Most homeowners don’t know what equipment qualifies for a rebate or tax credit — and even contractors aren’t always aware, Richardson said. While some heat pumps are eligible for a full refund, others are not or only eligible for partial refunds.

“So it’s just a nightmare if you’re not used to creating spreadsheets to analyze and figure it all out,” he said.

Not all incentives are ready either. While people may get a tax break on the cost of an electric car, solar panels or heat pump, rebates for low- and middle-income Americans looking to make their homes more energy efficient are not yet available. The Department of Energy is still developing the system to distribute this money.

Cecilia Munozdirector of the White House Domestic Policy Council in the Obama administration, said she had learned during her tenure that it was essential for the government to invest in policy implementation.

“Too often, as advocates and policymakers, we applaud when policy is enacted and then stop paying attention to it,” she said.
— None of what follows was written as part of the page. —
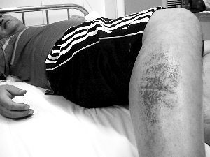 昨日,在積水潭醫(yī)院等待手術(shù)的齊景華說(shuō),當(dāng)時(shí)車(chē)速太快,他還沒(méi)來(lái)得及反應(yīng)就被“撞飛了”。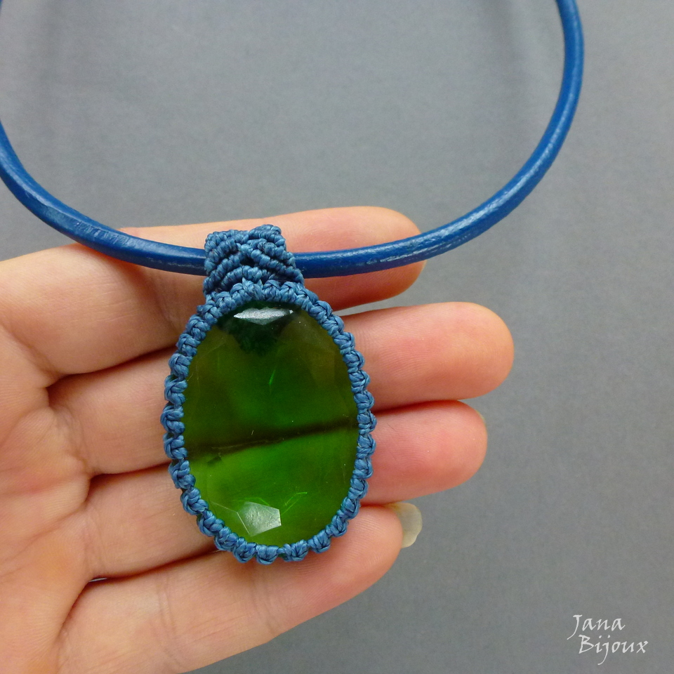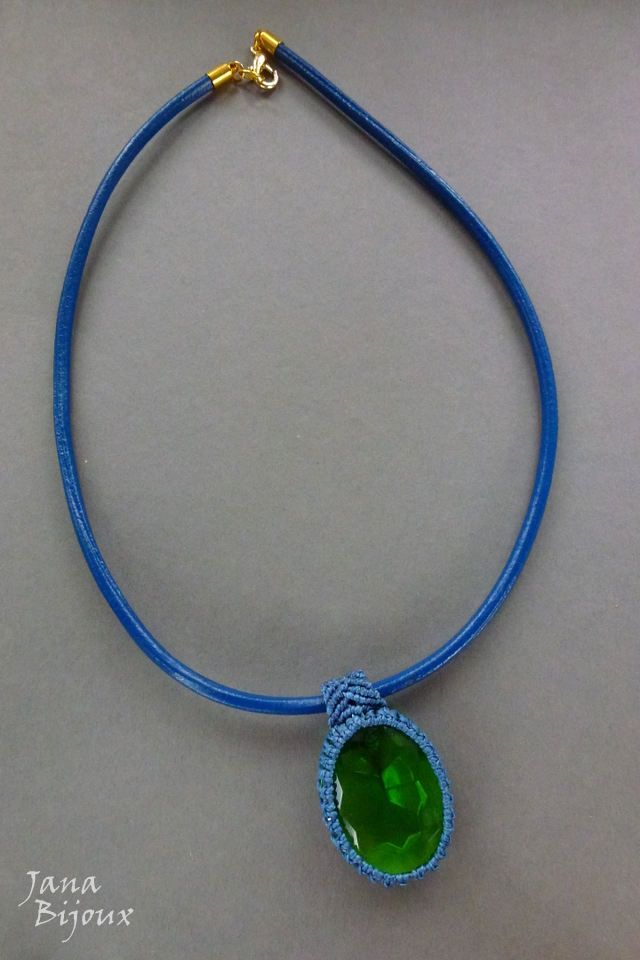 c1162 03/01/2017VENDIDOS ( Prodáno)Jana Bijoux Colar médio 52 cm de couro cor azul escuro, importado 4mm.. vidro lapidado a mão ( 4cm por 3 cm), pingente tem livre movimento no couro, mede com macramé e alça 5,3 cm, acabamento dourado R$ 35,00

Instead, they must devise ways to target people directly to help them “understand the steps they can take and the ways the government is going to make it easier for them.”

The Department of Energy has begun disclosing information to states about their $9 billion allocation to support household energy upgrades, including weatherizing homes and installing heat pumps.
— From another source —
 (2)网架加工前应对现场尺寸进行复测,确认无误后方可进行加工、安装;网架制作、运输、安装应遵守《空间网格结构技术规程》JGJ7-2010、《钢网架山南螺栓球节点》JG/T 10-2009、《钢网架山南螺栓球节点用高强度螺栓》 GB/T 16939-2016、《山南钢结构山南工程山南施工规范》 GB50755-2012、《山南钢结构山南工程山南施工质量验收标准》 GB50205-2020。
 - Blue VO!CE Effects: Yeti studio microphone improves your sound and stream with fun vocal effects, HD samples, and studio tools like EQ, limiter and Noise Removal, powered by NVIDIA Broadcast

And Biden, a self-proclaimed “car guy,” has done his part to promote electric vehicles, making appearances at the Detroit auto show in September and in the television series “Jay Leno’s Garage”.

Donnel Bairdfounder and CEO of BlocPower, a Brooklyn, NY-based company that partners with utilities, government agencies and building owners to improve energy efficiency, worked with Lowe’s and other retailers to promote the appliances greens.

The idea, Baird said, is that “the person at the checkout says, ‘You know, you can get a tax credit if you don’t get that gas lawn mower and buy a green one at the square. “While such a commitment may not have immediate results, Baird said he is confident that the tax credits and other benefits of the Climate Act will be better known.

“It took years for the ACA to get started,” he said, referring to the Affordable Care Act, also known as Obamacare. “I think the same thing could happen with this law.”

Dan Pfeifferformer communications adviser to President Barack Obama, sees another lesson in the Affordable Care Act.

“The ACA got more popular as Republicans tried to repeal it,” he said, suggesting that Biden take advantage of any Republican efforts to return to the Cutback Act. inflation to draw more attention to the benefits of the law.

“I have no doubt the White House has thought of all of this,” Pfeifer said. But the problem is that none of this is easy.

He added: “The heavy lifting starts now.”


Republished with permission from The Associated Press.